I so so so recommend Beene Brown’s work on shame. Start by watching her Ted talk, and see if it resonates with you. Maybe you’ll find that treats start working when you start realizing that you actually do deserve them and that you are worth celebrating and nourishing?
Xoxo, wish you all the best!
A few thoughts You are seemingly stretched to the max. If and when it gets to the point where you are in the hospital for some alcohol related illness, then there’s your break. I don’t know your story, but if you are here with “us folks” and Belle, alcohol is surely interfering with all this tight scheduling and efficiency. What would your husband or significant other say? Food or luxury type treats don’t work for everyone, and I get that. So what might be your carrot?

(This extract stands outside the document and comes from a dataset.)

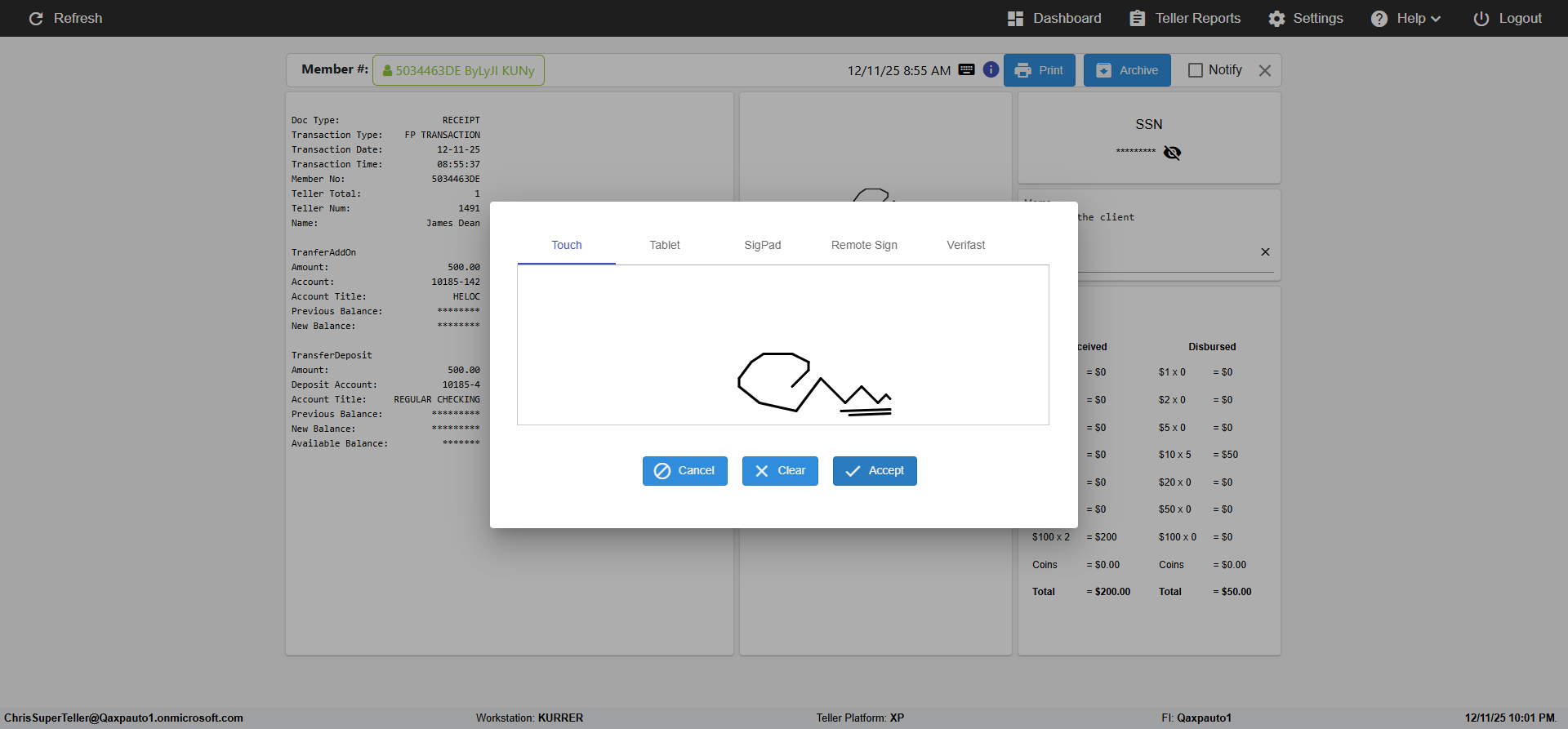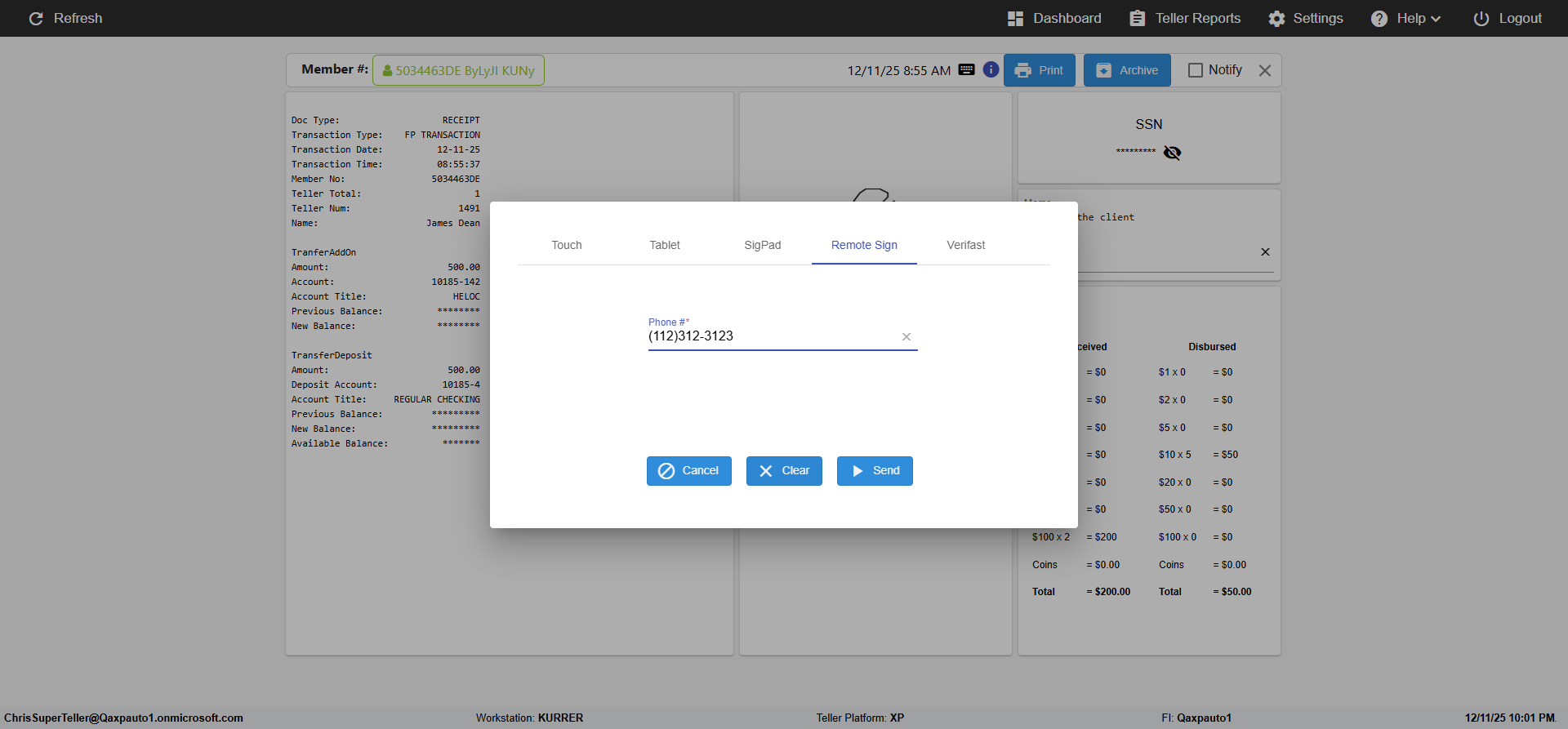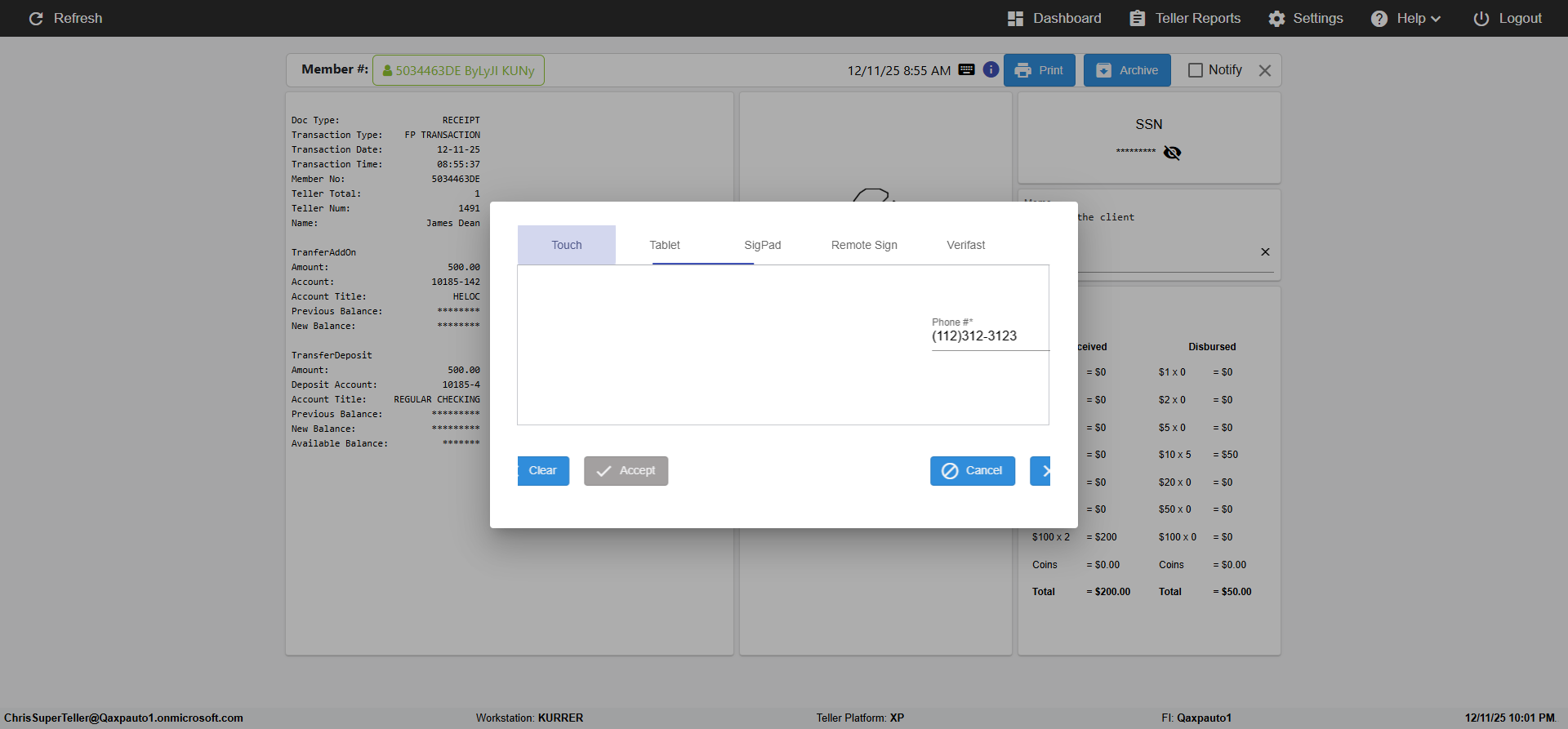 ({Toggel=, Archived Transactions=no, Description=verify touch signature in Receipt Page, Email=FALSE, Archive=FALSE, Document Type=, Notify=TRUE, SignatureTab=Touch,, DisbursedExpression=|-10*5, Operation=, Teller LastName=, Disbursed cash=, errorint=, TestID=verifyTouchSignatureEreceipt, Print=FALSE, DisbursedExpressionValue=TRUE, Phone=, ReceivedCashValue=FALSE, Member=, UserPwd=iMM2022!, Transtatus=Archived-false;Active-true;Error-false, Docment ID=, Teller=, Teller FirstName=Joe, errorMessage=, ReceivedExpressionValue=TRUE, SecondName=, Date=, Platfrom=, Received cash=, Transaction=, Header=, Expression=, Username=ChrisSuperTeller@Qaxpauto1.onmicrosoft.com, DisbursedCashValue=FALSE, FullName=, ReceivedExpression=|+100*2, SMS=FALSE, Memo=})

I was where Good is a few years ago, when our kids were really little and demanded every second of our time (on top of working). The idea, then, of taking out time for myself or treating myself to something, sounded fabulous, but wasn’t in my reality between lack of time and $. Now our kids are 10 and 12, are much more independent (though still demanding much of our time) & our financial situation has dramatically improved. I like the idea of a little treat to mark my accomplishments, but totally understand Good’s frame of mind.